PoliticsNovember 14, 2018

A victory for the Pike River families – and for those who live by their labour

Anna Osborne and Sonya Rockhouse at the announcement this morning. Photo: Rebekah Parsons-King/RNZ
Anna Osborne and Sonya Rockhouse at the announcement this morning. Photo: Rebekah Parsons-King/RNZ

Rebecca Macfie, author of Tragedy at Pike River Mine: How and Why 29 Men Died, explains why today’s announcement by Andrew Little that the mine drift will be re-entered is such a historic moment.

After eight years, the Pike River Mine drift will be re-entered, explored and treated as the crime scene that it is. Anna Osborne calls the decision – announced this morning by Pike River Recovery Minister Andrew Little – as a “victory for the little people in New Zealand”.

It is part of the tragedy of Pike that she is right.

Instead of the institutions of the state treating the worst industrial disaster in almost a century with due seriousness by doing everything possible and practical to investigate the cause, it took the exhaustive struggle of Osborne, Sonya Rockhouse and the Pike families’ chief spokesperson Bernie Monk to achieve today’s outcome.

Two years ago the mine drift was about to be permanently sealed with a 30-metre plug of concrete by the then owner, the financially crippled Solid Energy. Osborne and Rockhouse went to the gates to stop it happening, and they were joined in their protest vigil by more and more supporters. Contractors refused go past their picket. It was an extraordinary show of defiance: they prevented the sealing from going ahead, and thus kept open the possibility that re-entry could still occur.

At the same time Osborne and Rockhouse were fighting through the courts to overturn the decision to drop charges against the former mine boss, Peter Whittall.

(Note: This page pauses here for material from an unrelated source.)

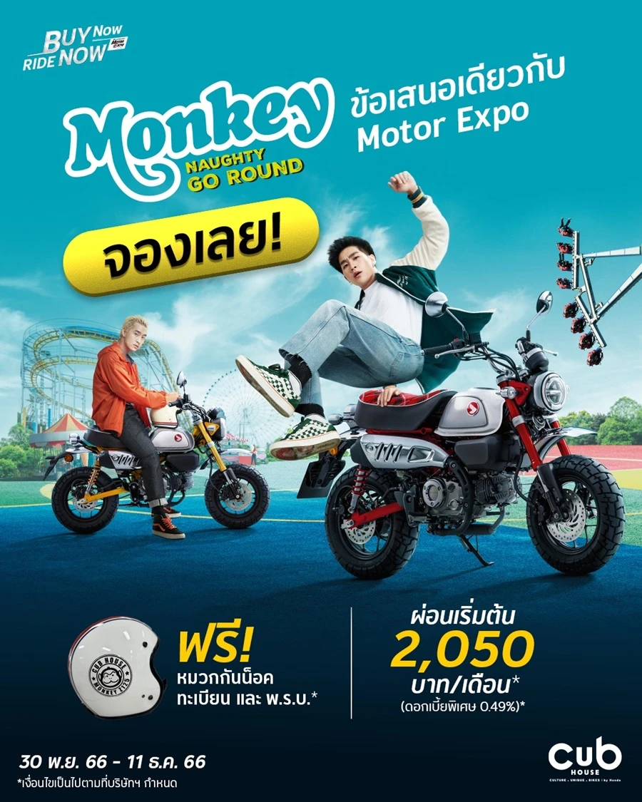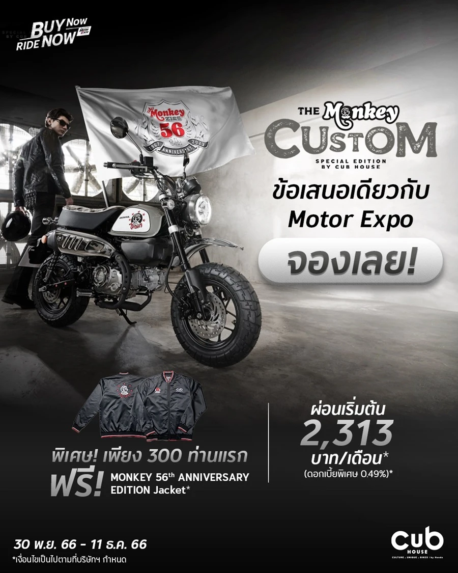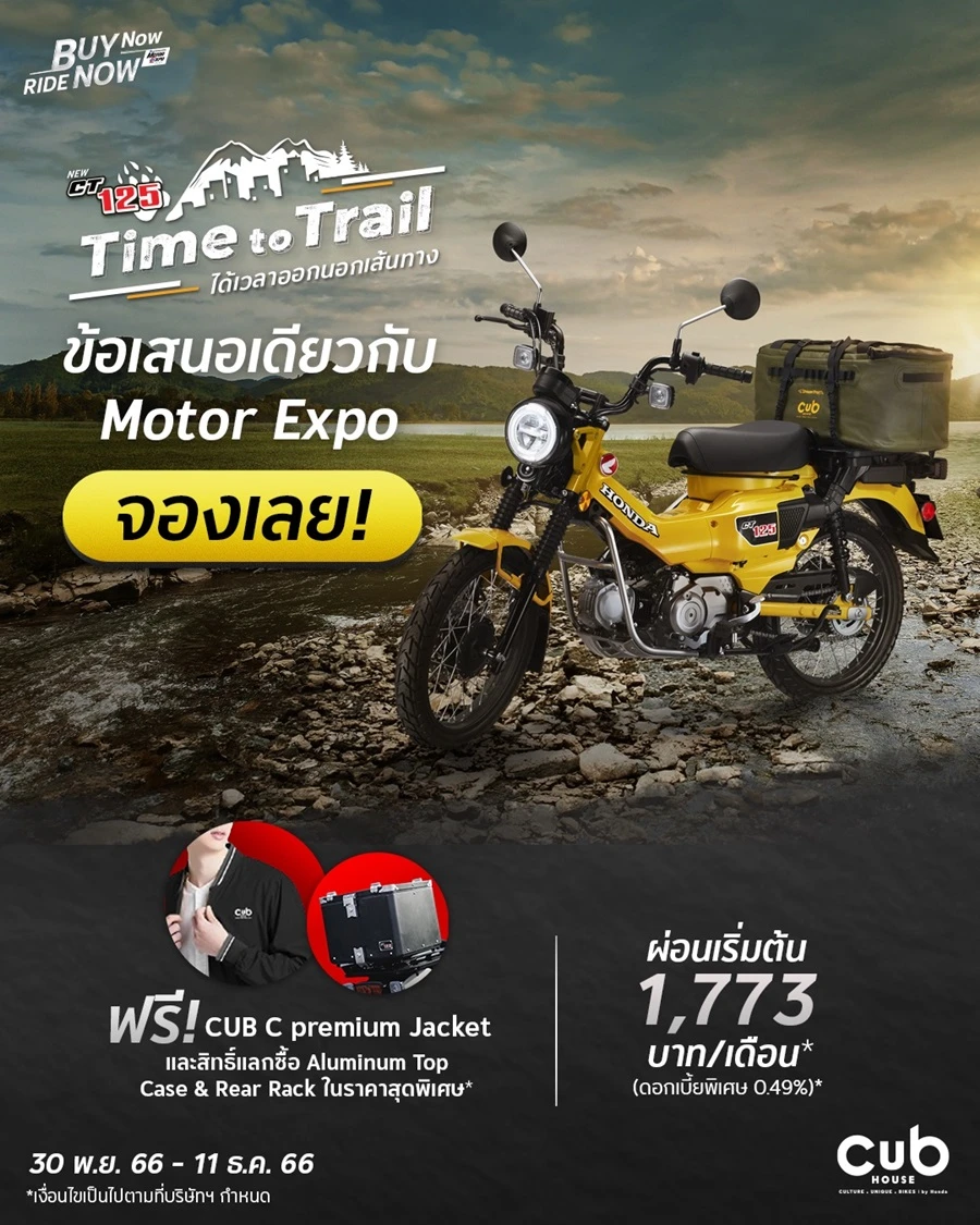 พร้อมกันนี้ Cub House by Honda จัดโปรพิเศษสำหรับ Iconic Models ที่มาพร้อมชุดแต่งพิเศษจากค่ายดังไม่ว่าจะเป็น Kitaco, GCraft, Streamtails มาให้ได้เป็นเจ้าของ กับโปรโมชั่นพิเศษรุ่น Honda Monkey Standard ราคาแนะนำ 99,700 บาท ผ่อนเริ่มต่อเดือนต้น 2,050 บาท ดอกเบี้ยพิเศษ 0.49% จองวันนี้ที่งานรับฟรี หมวกกันน็อค ทะเบียน และ พ.ร.บ. ตามด้วย Honda CT125 New Yellow Color ราคาแนะนำ 88,900 บาท ผ่อนเริ่มต้น 1,773 บาท รับฟรี! CUB C premium Jacket ทะเบียน และ พ.ร.บ. พร้อมสิทธิ์แลกซื้อ Aluminum Top Case & Rear Rack ในราคาสุดพิเศษเพียง 3,900 บาท (จากปกติ 8,900 บาท)

Whittall, remember, had walked away in late 2013 from 12 charges under the Health and Safety in Employment Act, in return for the payment of $3.41 million to the families – money they were already owed by the bankrupt company, and which was paid by the Pike directors’ insurers.

Osborne and Rockhouse won that fight, too. A year ago the Supreme Court ruled that the decision drop charges in exchange for money was an unlawful bargain.

The “little people”, Osborne said this morning, “sometimes feel it’s too hard to carry on and win a battle because there are so many road blocks being put in the way.

“You need to be that squeaky wheel, you need to be that voice, and if you believe in something hard enough and long enough, you will get people to listen. Our men went to work that day. They didn’t expect not to return back to their loved ones. We didn’t expect not to ever see them again. So, for our men, we couldn’t just let things lie, and say ‘that’s it’ and wash our hands of it. We needed to fight. We need to bring our men home if we can. We need answers to questions that we don’t have. We need that unexplored crime scene investigated.”

Last year’s Supreme Court ruling went some way to repairing the dignity of the judicial process; today’s decision goes some way to restoring the mana of those who live by their labour and who are entitled to the protection of vigilant bosses and a competent regulator.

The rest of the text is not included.